# FreeBSD 8.2 won't boot under Sparc SunBlade 1000



## sparkyk (Jul 24, 2011)

Good morning to all!!

I've tried and tried to get the FreeBSD copy I got to intall on my SunBlade 1000 but it won't even detect the boot code from the DVD Iso and yes, I burned it correctly.

Does anyone have an idea why it won't boot?? Is there some special something to put in when I type "boot cdrom"?

Help!!

SparkyK


----------



## tingo (Jul 26, 2011)

Are you using the correct version (architecture) of the image?
Is should be named FreeBSD-8.2-RELEASE-sparc64-*.iso or something like that.


----------



## sparkyk (Jul 27, 2011)

*Hi, Tingo*

Yes, it does say FreeBSD-8.2-RELEASE-sparc64-dvd1.iso and I double checked it twice!!

I guess I'll try to re-burn it again and see if will work this time.
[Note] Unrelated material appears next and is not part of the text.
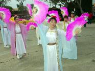 在游行的当天,许多学员很早就来到游行的出发地点,默默地装点花车和做其它的各项准备工作,同时还取得了可以在游行过程中发放资料的许可。在游行中,由花车、舞蹈队和腰鼓队组成的法轮功队伍格外引人注目,在游行沿街所设的十多个广播点不停地向观众介绍法轮功及其所获得的“色彩最鲜艳奖”。令两名发放资料的学员极其欣慰的是,人们想要了解法轮功的心非常地迫切,经常是四、五只手同时伸过来索要大法资料,令学员应接不暇。

Sparky - Cross your fingers and mine!!


----------



## sossego (Jul 27, 2011)

Try using the 9.0 CD image installer available from http://people.freebsd.org/~nwhitehorn instead of the 8.2 DVD image. I have a SunBlade 1000 with 2 750MHz UltraSPARC III CPUs running FreeBSD 9.0 with a rebuilt kernel.


----------



## tingo (Aug 21, 2011)

FWIW, today I installed FreeBSD 8.2-release on my Blade 1000 from the disc1 CD image. I used [CMD="ok"]boot cdrom[/CMD] from the OBP, and installed with sysinstall. Everything worked as it should - it was totally uneventful. 
@sparkyk: perhaps you could try the CD image (disc1) instead of the DVD image?


----------